Jarrell v. Fidelity-Philadelphia Trust Co.

33 Pa. D. & C.2d 143, 1963 Pa. Dist. & Cnty. Dec. LEXIS 171
CourtPennsylvania Court of Common Pleas, Delaware County
DecidedApril 22, 1963
Docketno. 2852
StatusPublished

This text of 33 Pa. D. & C.2d 143 (Jarrell v. Fidelity-Philadelphia Trust Co.) is published on Counsel Stack Legal Research, covering Pennsylvania Court of Common Pleas, Delaware County primary law. Counsel Stack provides free access to over 12 million legal documents including statutes, case law, regulations, and constitutions.

Bluebook
Jarrell v. Fidelity-Philadelphia Trust Co., 33 Pa. D. & C.2d 143, 1963 Pa. Dist. & Cnty. Dec. LEXIS 171 (Pa. Super. Ct. 1963).

Opinion

Toal, J.,

This action was instituted by plaintiffs for the purpose of quieting the title to the property involved in this case which was purchased by them from John C. Calhoun and Catherine R. Calhoun, his wife, and conveyed to them by deed dated March 2, 1960. On April 22, 1959, the Fidelity-Philadelphia Trust Company, defendant herein, entered a judgment against the Calhouns who then owned the property in question, said judgment being in the amount of $4,060.75, Court of Common Pleas, Delaware County, March term 1959, no. 1524. A lien was created in favor of the defendant bank against the property owned by the Calhouns. On November 19, 1959, the bank had this judgment marked satisfied, and the judgment index in the office of the prothonotary was marked to show this satisfaction. The lien against the Calhoun property thus was terminated on the record. On November 30, 1959, the bank filed a petition and [144]*144rule to show cause why this satisfaction should not be stricken from the records. On December 24, 1959, by order of the court, the satisfaction was ordered stricken from the record. The notation of satisfaction was not removed from the judgment index.

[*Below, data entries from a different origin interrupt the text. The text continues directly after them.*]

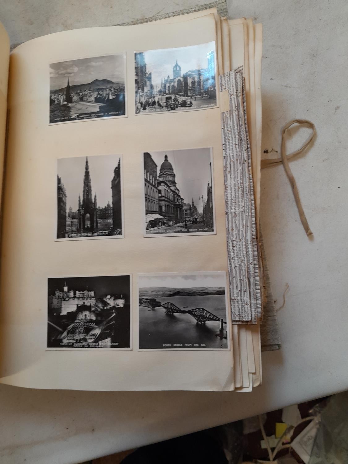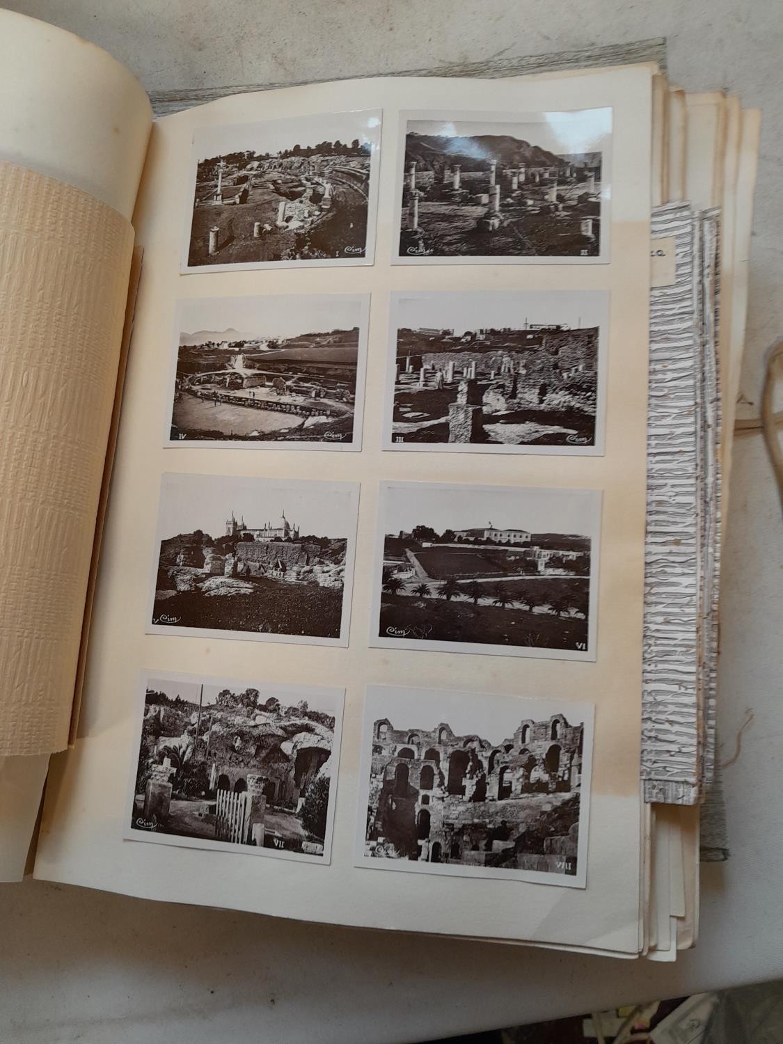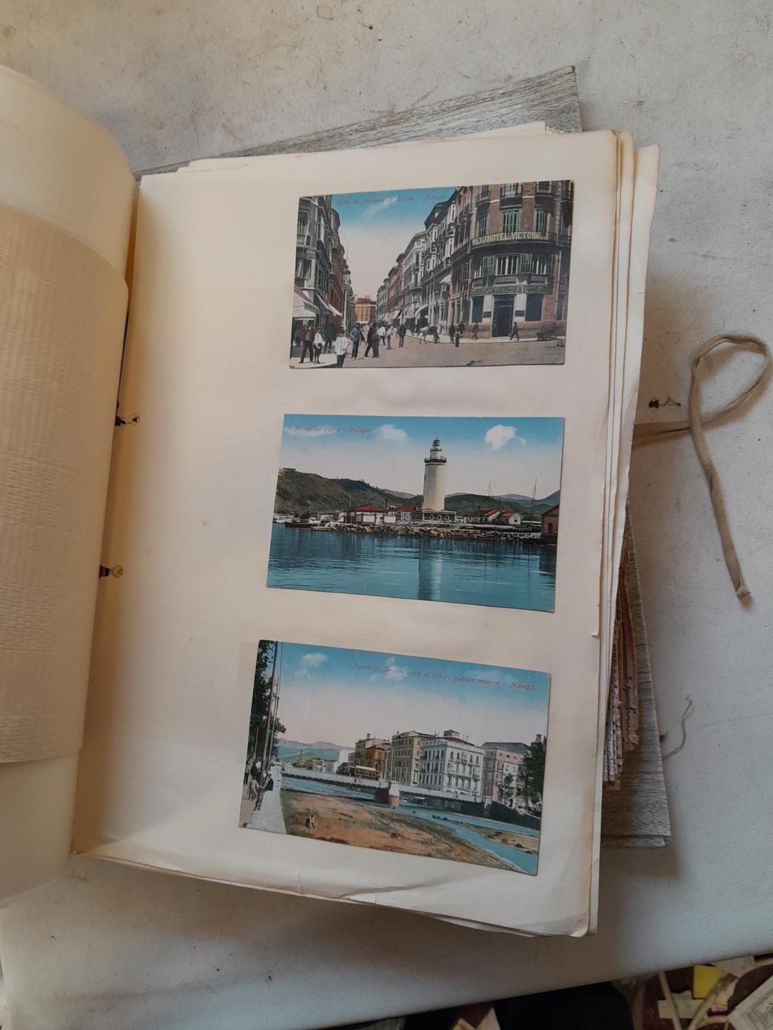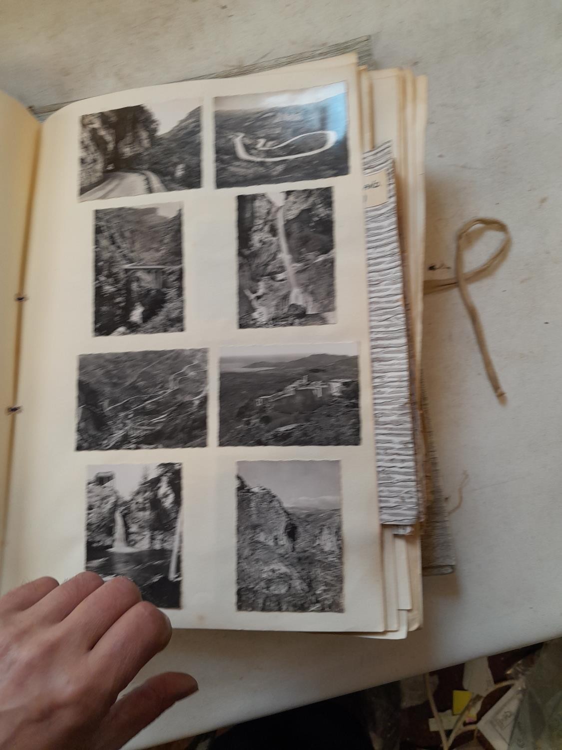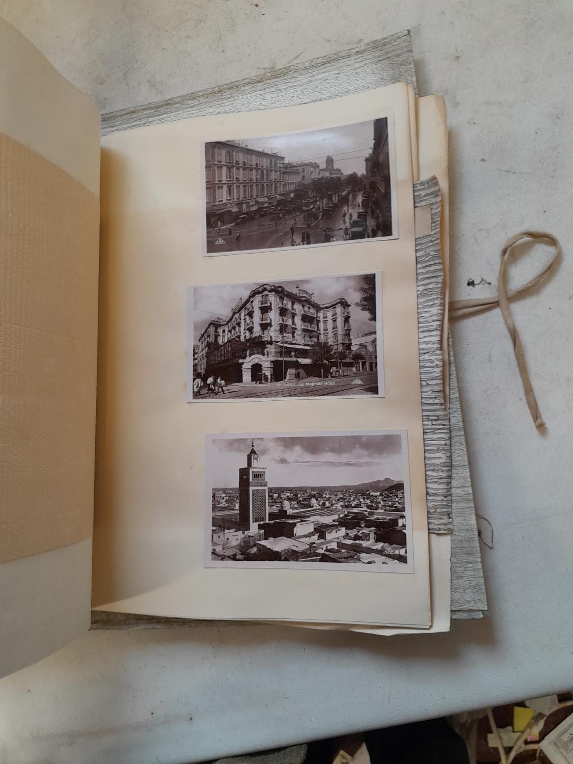 An album full; of black and white postcards and photographs , tourist destinations and other interest world wide
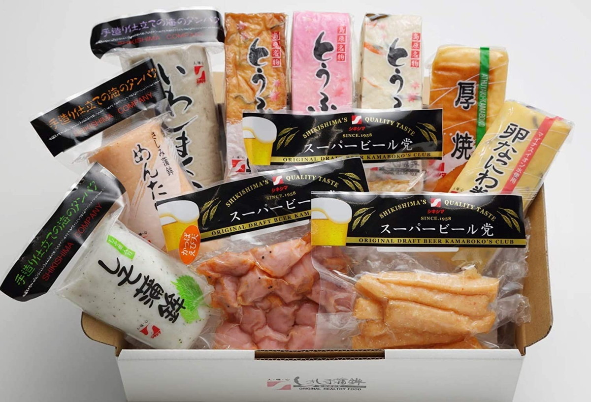とうふ蒲(赤・ヒロス・揚ヒロス)、厚焼き、卵なにわ巻、いわしまくら、めんたい蒲、しそ蒲鉾、ビール党(イワシ・明太・かっぱえび天)合計11点
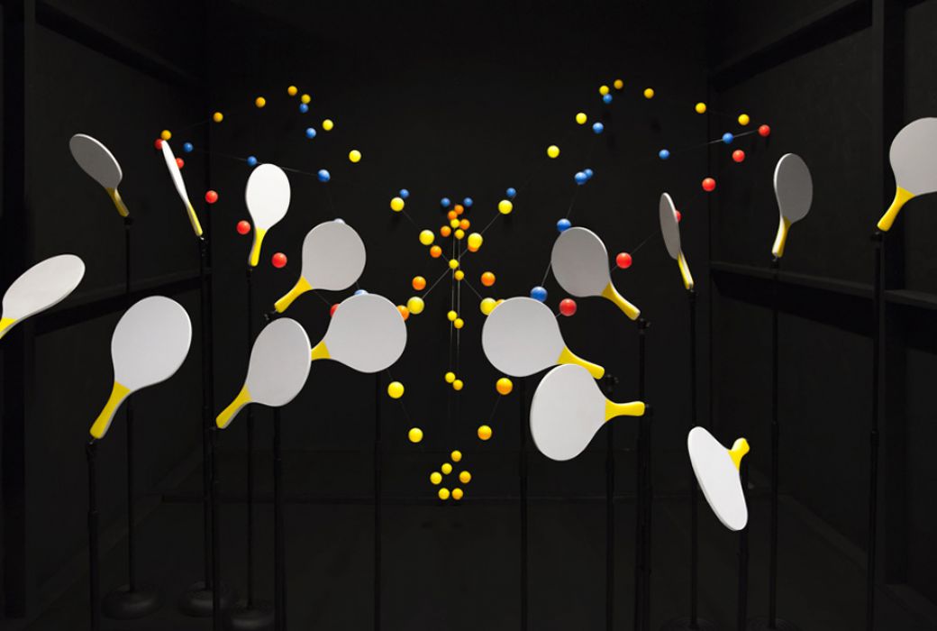 A projection mapping based installation created for Chromatic 2015 at La cite Mode et Design in Paris. Using his "trajectories" technique that consists of freezing a series of actions in time physically before animating each object sequentially through projection mapping, opposing players dialogue through a series of racket exchanges that intensifies to the point of no return. Greg Barth is an award winning artist and director from Geneva, Switzerland, currently based in London.
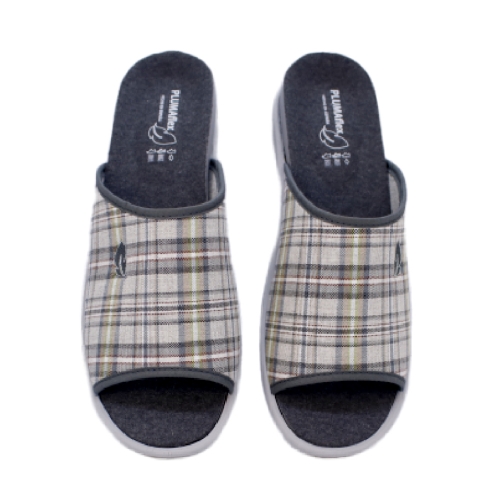 Zapatillas de estar en casa para hombre abiertas. Fabricadas en material textil suave y fresco de primera calidad, Dispone de plantilla extraíble para facilitar la higiene permitiendo, además, el uso de una propia en caso necesario. La plantilla que incluye está fabricada con la tecnología Pluma Flex, aportando una comodidad máxima en cada pisada. Suela de goma flexible y antideslizante. Hechas en España.

On February 25, 1960, the bank sent a letter to the real estate broker representing the Calhouns in the sale of the property about to be conveyed by said Calhouns to plaintiffs demanding the sum of $3,272.28 to pay a loan, the letter made no reference to a judgment nor a term and number of any judgment. On March 2, 1960, the settlement for the property took place. Prior to settlement, the judgment index was searched as to the Calhouns and no unsatisfied judgment in favor of the defendant bank and against said Calhouns appeared of record. The judgment index remained as before indicating that a prior existing judgment in favor of the bank and against the Calhouns had been satisfied of record.

The defendant bank has a theory that because plaintiffs engaged the Title Abstract Company of Pennsylvania to insure the title to the property and to indemnify them should any title defect turn up, after they took title to said property, that said Title Abstract Company of Pennsylvania became the agent of plaintiffs and that any negligence on the part of the Title Abstract Company could be imputed over to plaintiffs where it failed to discover a title defect respecting the property in question. We do not agree with this theory and are of the opinion that the relationship of principal and agent did not exist between the parties but that the Title Company was an independent contractor whose liability was that of indemnitor to plaintiffs to hold said plaintiffs harmless should a title defect appear after the settlement. The Title Company is not a party to this action to quiet title and we are concerned only with the state of the record as between the [145]*145vendors and vendees at the time title to the property passed from the vendors to the vendees. The Bank must succeed or fail in maintaining the lien of its judgment against the property in question based entirely upon the record and the notice it gave to third persons who might be affected in their dealings with said property.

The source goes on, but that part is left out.